Before venturing into the thick of the controversy, it would be apt to clear the deck qua two peripheral issues, namely, non-impleadment of necessary parties and estoppel.
It has been emphatically asserted that the selected candidates, not having been impleaded as respondents, the writ petitions ought to have been rejected in limine.
The decision of the Hon'ble Apex Court in Prabodh Verma (supra) and Dingal & Ors.(supra) have been relied upon to reinforce this contention. In both the decisions, their Lordships while disapproving the interference of the jurisdictional High Court with the selection of candidates
not impleaded, did observe in the contextual facts that neither they nor their representatives had been impleaded as parties.
Apart from the impeachment of the recruitment process as a whole to be in violation of the NCTE
Regulations and the essence of the Act 2009, in the instant proceedings, a scrutiny of the writ petitions involved disclose impleadment of some of the respondents whose selection had been impugned.
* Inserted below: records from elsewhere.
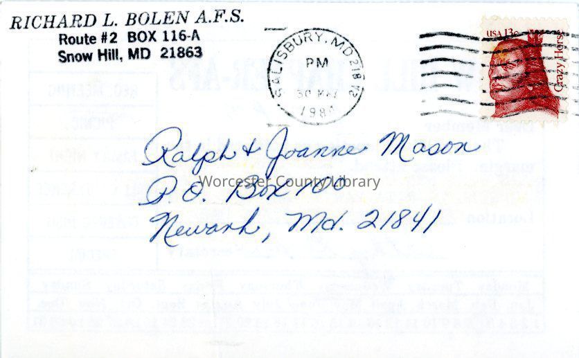Invitation to Snow Hill AFS Picnic, Jun, 1984Entry/Object ID
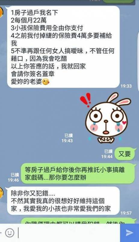 看到老婆提出的條件後,他覺得很心寒,回覆說:「又要,等房子過戶給妳後,妳再推拖小事搞離家戲碼…那妳要怎麼辦」。
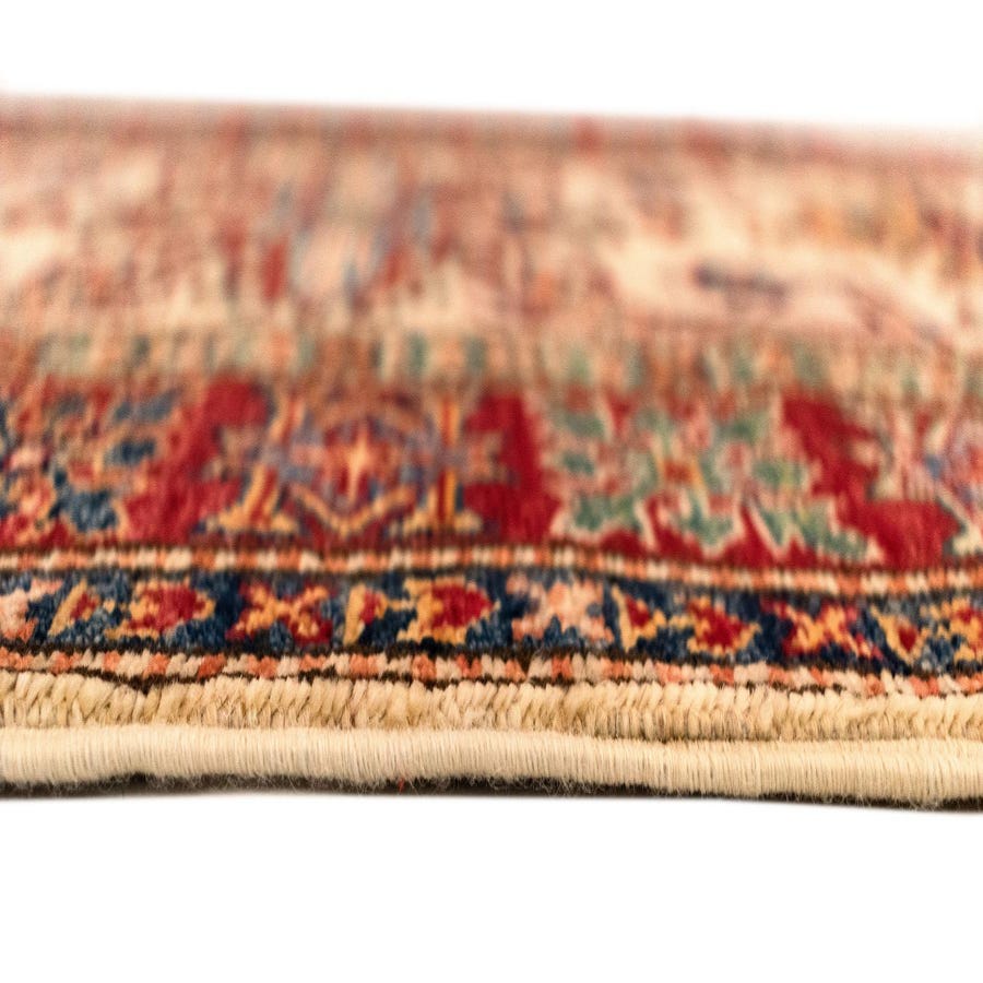 A 10 ft runner rug in a traditional Persian style, featuring a cream field with intricate geometric patterns in red, blue, green, and orange, framed by a rich red border.
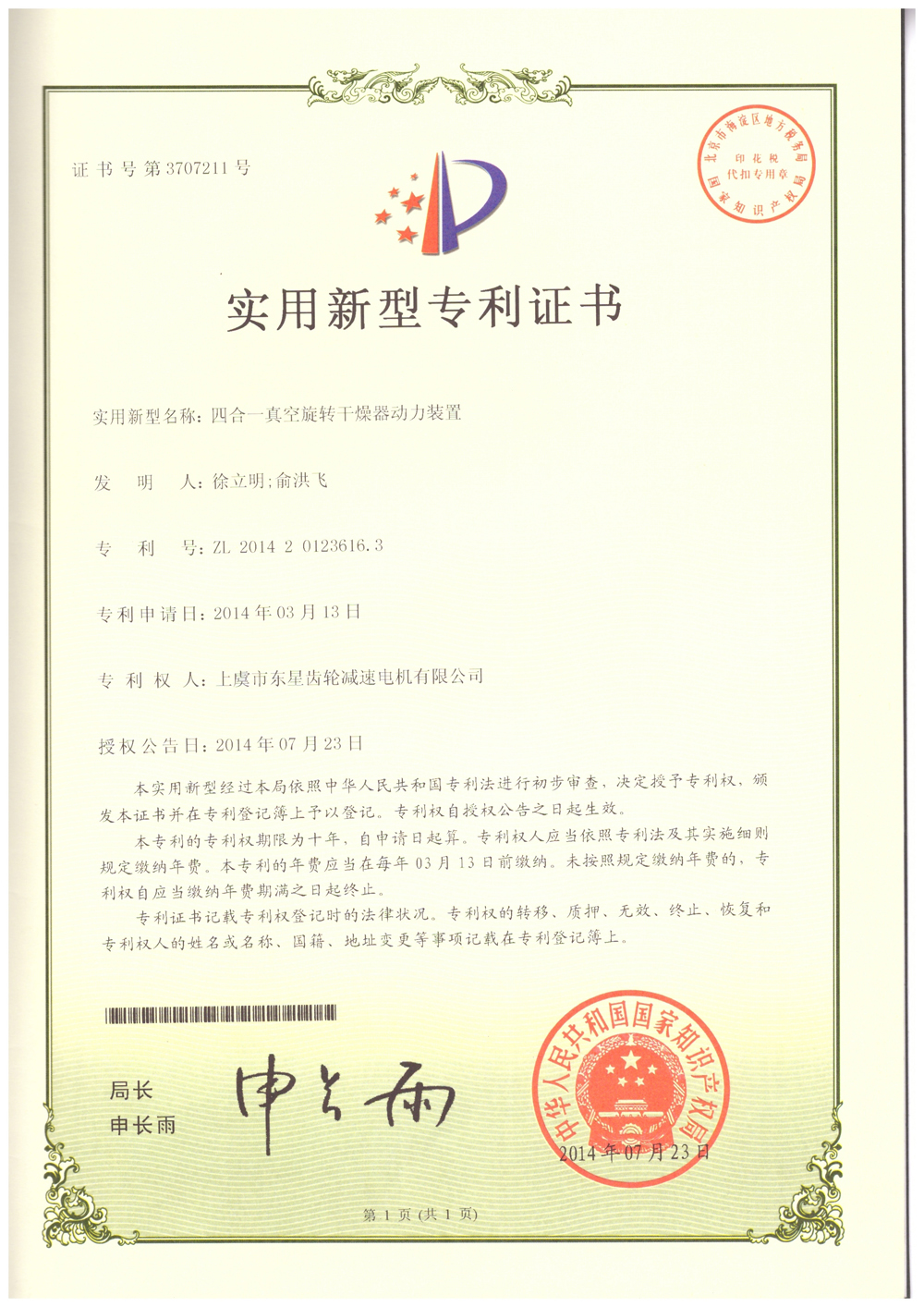 四合一真空旋轉(zhuǎn)干燥器動(dòng)力裝置
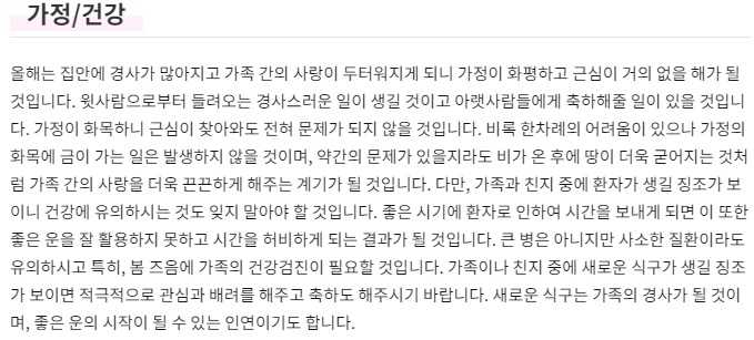 농협 2021년 무료 토정비결 가정/건강운
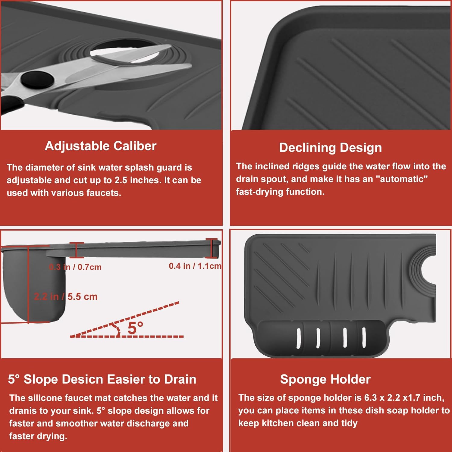Silicone Faucet Splash Guard Mat, Faucet Water Catcher Mat Silicone Sink Mat Tray Drying Mat, Dish Sponge Holder, Home Kitchen Sink Accessory Gadgets Organizer-Black
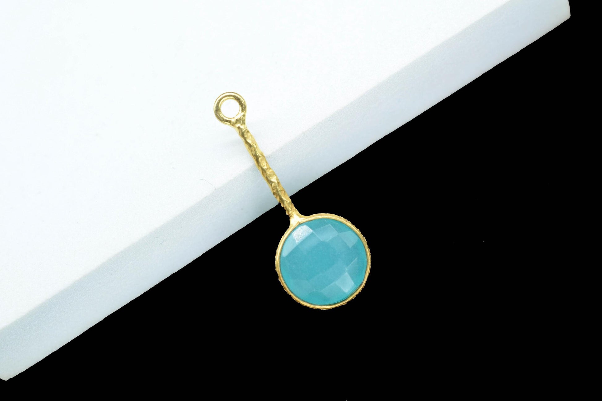 Aqua Chalcedony Pendant/Gemstone Component/Single Bail Charm/Necklace Pendant/Round Shape Charm/Wholesale Supply/Gold Plated Jewellery/Gift
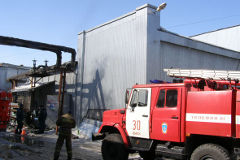 В административном здании огонь повредил пенопласт, утеплитель стен и потолок на площади 30 квадратных метров, на складе полностью закопчены стены и потолок. Кроме того, закопчены товары на стеллажах смежного склада. Погибших и травмированных нет. По предварительным данным, пожар случился из-за того, что при монтаже холодильной установки загорелся пенопласт.
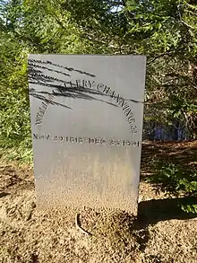 Channing died December 23, 1901 in Concord, at the home of Franklin Benjamin Sanborn, where he had spent the final ten years of his life. He is buried at Sleepy Hollow Cemetery, Concord on Authors' Ridge directly facing his longtime friend Thoreau. Frank Sanborn paid for Channing's burial plot.[7]
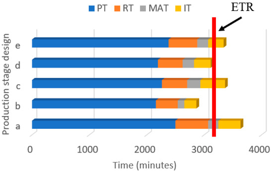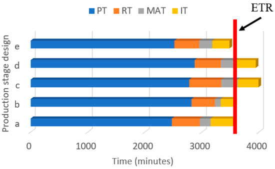 The breakdown of time components into Production Time (PT), Reconfiguration Time (RT), Module Adjustment Time (MAT), and Idle Time (IT) is provided in Figure 16 (case study 1) and Figure 17 (case study 2). For an ETR value of 3200 min (50 units required), only one solution (b) of case study 1 can respect the customer’s preferred time of delivery. On the other hand, for an ETR value of 3500 min, one solution (e) satisfies the customer preferred delivery time, and two other solutions (a and b) fall on the borderline.
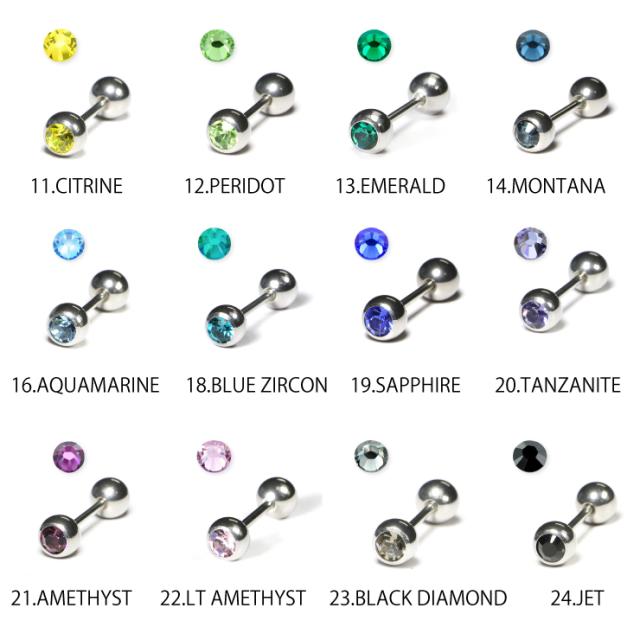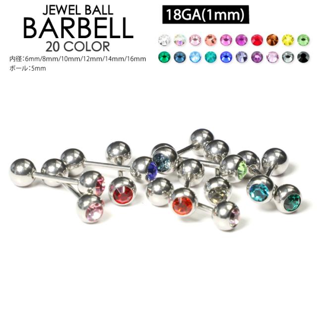 【メール便対応】ジュエル ボール バーベル 18G(1mm) ボディピアス 片側ラインストーン付 サージカルステンレス 5mm玉 軟骨ピアス トラガス 1.6mm 20色┃

The State of Rajasthan and its functionaries as well as the NCTE and the concerned Panchayati Raj institution have been impleaded as respondents. The pleadings of the State Government and the NCTE in particular, attest the initiatives on their behalf to defend the process undertaken. Further, elaborate arguments have been advanced before the learned Single Judge as well as in the appeals on behalf of the selected candidates figuring as appellants touching upon all pertinent aspects of the
debate projecting a complete spectrum of assertions relevant to the issues. In this factual premise, we are of the view that the interest of the selected candidates as a whole has been adequately secured and that mere non impleadment of all of them does not render the impugned judgment and order illegal for want of fairness in action.
On the plea of estoppel as well, we are not inclined to non-suit the respondents/writ petitioners in view of legal issues of moment raised, impelling scrutiny thereof in public interest. A participatory process has been assiduously questioned on the ground of contravention of the provisions of the Act 2009, the guidelines of the NCTE, the Nodal Authority under the enactment, empowered to
prescribe the norms statutorily intended to administer the process of recruitment of teachers to accomplish the constitutional vision of providing a free and compulsory quality education to all children upto the age of 14 years.